Skip to content

Methods on Generic Types — Optimize

Table of Contents

  1. Receiver kind impact
  2. Method dispatch cost on generic types
  3. Method values and accidental heap allocation
  4. Inlining of generic methods
  5. Embedded methods and indirection
  6. Benchmark patterns for generic methods
  7. Practical optimization checklist
  8. Summary

Receiver kind impact

Choosing pointer vs value receiver on a generic type is a performance decision as well as a correctness decision.

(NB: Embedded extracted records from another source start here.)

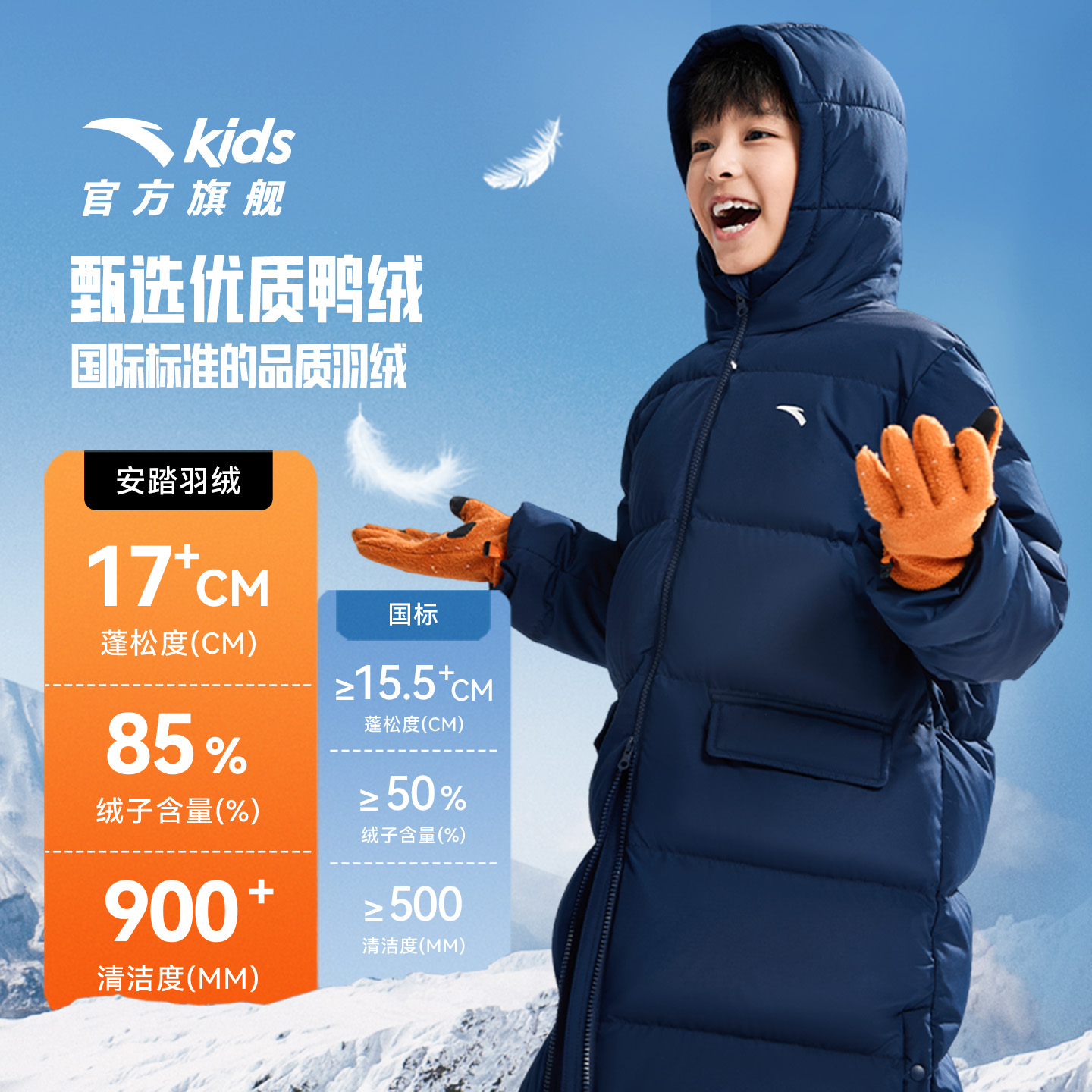 安踏儿童蓬蓬羽中长款羽绒服 | 2025冬新款四防科技,保暖与轻盈的完美平衡
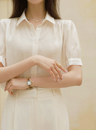 陰々たる グロッシー テンセル パフ シースルー ブラウス
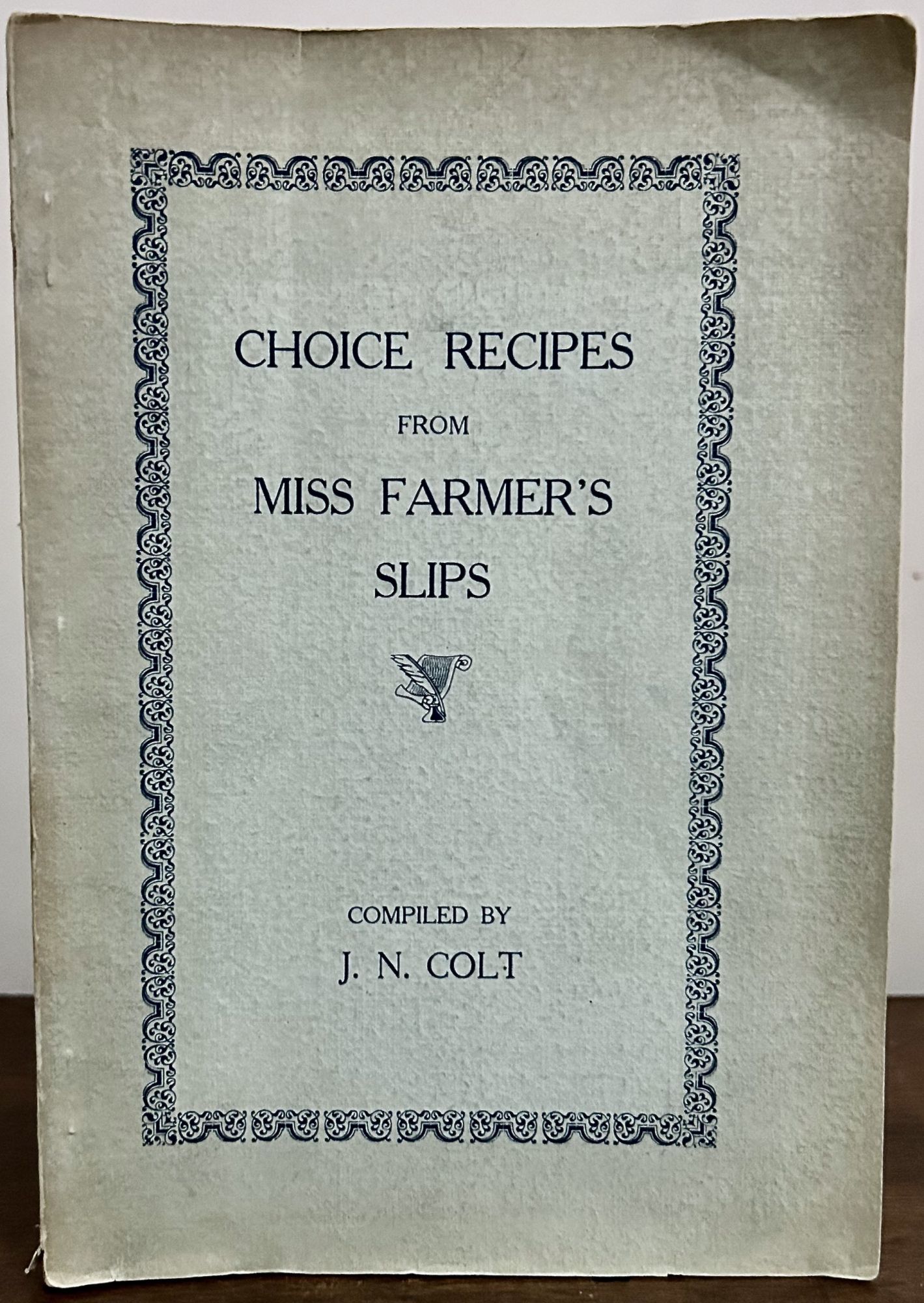 Boston: John W. Schaeffer & Co. (Boston, Mass.) printer, 1926. Wraps. Light green wrappers front cover border and text printed in blue. Very good. 3 unnumbered leaves, 41 leaves. 22 x 15.5 cm. OCLC: 1236247373. "Imprint date suggested from manuscript inscription on title page. Some recipes include wine or liquor as ingredients." Nicks to back cover fore-edge, interior clean and fresh.
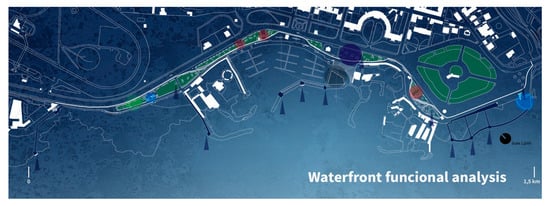 The concept of urban usability is conceived, today, as the field of forces on which the spatio-temporal relations and the structure of the city can be regulated, allowing and encouraging both free movement and full access for, both, physical and psychological well-being. Usability must be understood as an immediate and total usability of the built space, giving back to the user, the management of their time [,]. The European Union is also committed to making Europe’s cities healthy, attractive, and sustainable, and to improving the citizens’ quality of life, now and for the future, by defining the main indicators for making its cities, attractive and sustainable—clean and healthy, green and pleasant, efficient and sustainable, and well-managed and democratic []. On this double criterion usability/attractiveness, it would be possible to make the waterfront of Livorno a plural identity, so that it is no longer a line, but is instead a network of places, functions, grafts, and reconnections between the coast and the city, between port activities and urban activities, also with cultural and recreational functions that are added to those already present.
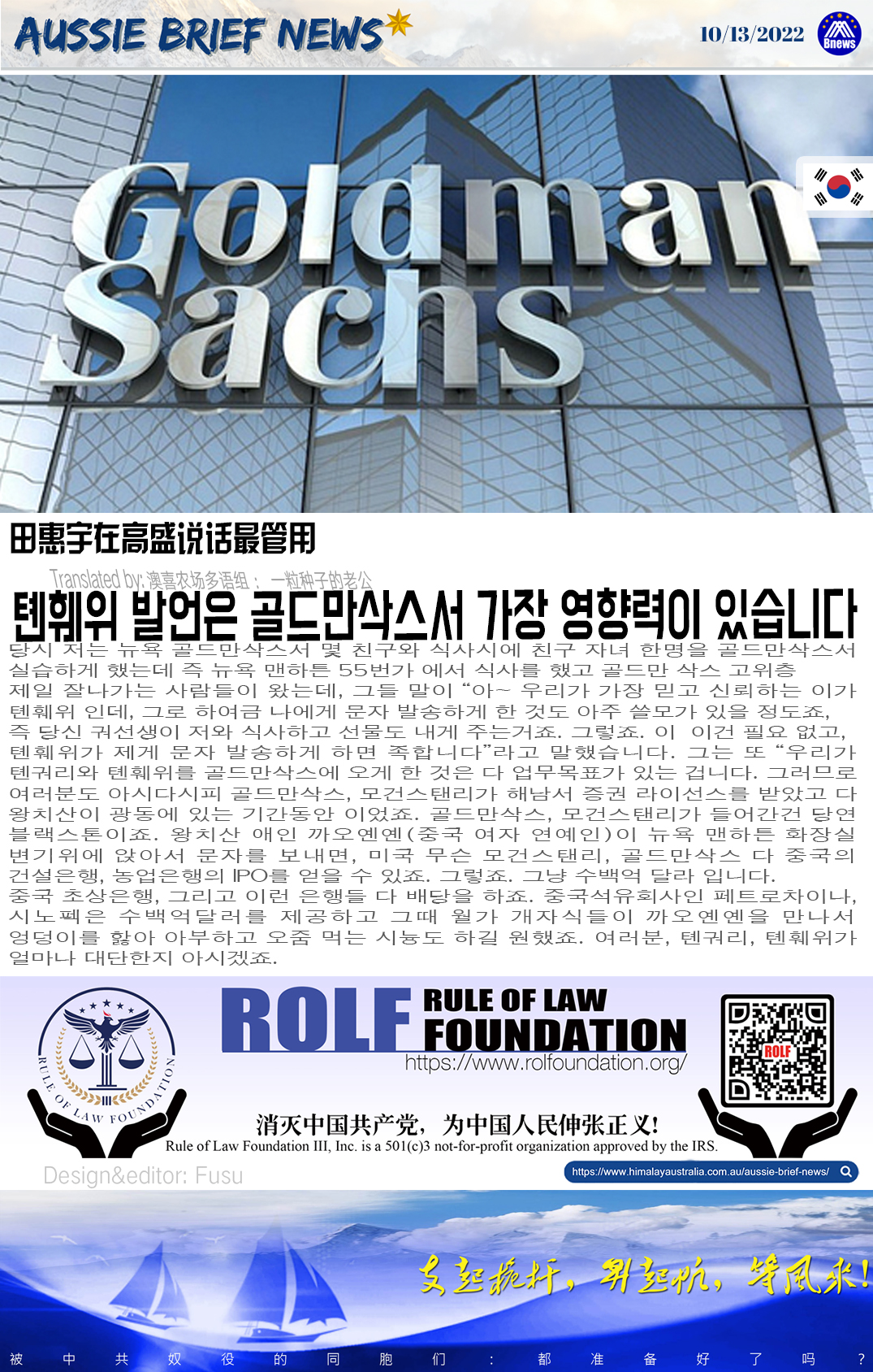 당시 저는 뉴욕 골드만삭스서 몇 친구와 식사시에 친구 자녀 한명을 골드만삭스서 실습하게 했는데 즉 뉴욕 맨하튼 55번가 에서 식사를 했고 골드만 삭스 고위층 제일 잘나가는 사람들이 왔는데, 그들 말이 “아~ 우리가 가장 믿고 신뢰하는 이가 톈훼위 인데, 그로 하여금 나에게 문자 발송하게 한 것도 아주 쓸모가 있을 정도죠, 즉 당신 궈선생이 저와 식사하고 선물도 내게 주는거죠. 그렇죠. 이 이건 필요 없고, 톈훼위가 제게 문자 발송하게 하면 족합니다”라고 말했습니다. 그는 또 “우리가 톈궈리와 톈훼위를 골드만삭스에 오게 한 것은 다 업무목표가 있는 겁니다. 그러므로 여러분도 아시다시피 골드만삭스, 모건스탠리가 해남서 증권 라이선스를 받았고 다 왕치산이 광동에 있는 기간동안 이었죠. 골드만삭스, 모건스탠리가 들어간건 당연 블랙스톤이죠. 왕치산 애인 까오옌옌(중국 여자 연예인)이 뉴욕 맨하튼 화장실 변기위에 앉아서 문자를 보내면, 미국 무슨 모건스탠리, 골드만삭스 다 중국의 건설은행, 농업은행의 IPO를 얻을 수 있죠. 그렇죠. 그냥 수백억 달라 입니다. 중국 초상은행, 그리고 이런 은행들 다 배당을 하죠. 중국석유회사인 페트로차이나, 시노펙은 수백억달러를 제공하고 그때 월가 개자식들이 까오옌옌을 만나서 엉덩이를 핧아 아부하고 오줌 먹는 시늉도 하길 원했죠. 여러분, 톈궈리, 톈훼위가 얼마나 대단한지 아시겠죠.

Value receiver — copies on every call

type Big[T any] struct {
    a, b, c, d, e, f, g, h int
    items                   []T
}

func (b Big[T]) Method() {}

Every call to Method() copies all eight int fields plus the slice header. For tiny types this is cheap; for fat structs it is wasteful.

Pointer receiver — no copy

func (b *Big[T]) Method() {}

A pointer receiver passes one machine word. Always cheap — but the caller must have an addressable Big[T] or a pointer.

Rule of thumb

Struct size Receiver
≤ 16 bytes (1-2 words) Value is fine
> 16 bytes Pointer
Contains slices/maps/channels Pointer (almost always)
Mutating Pointer

This rule is independent of generics. Generics inherit it unchanged.

Cost in numbers

type T16 struct { a, b int }                       // 16 bytes
type T64 struct { a, b, c, d int; arr [4]int }    // 64 bytes

Approximate per-call overhead from copying the receiver:

Receiver size Overhead vs pointer
16 bytes ~0 ns (registers)
32 bytes ~1 ns
64 bytes ~2-3 ns
128 bytes ~4-6 ns
256 bytes ~8-12 ns

Tiny per-call costs that explode in tight loops with millions of calls.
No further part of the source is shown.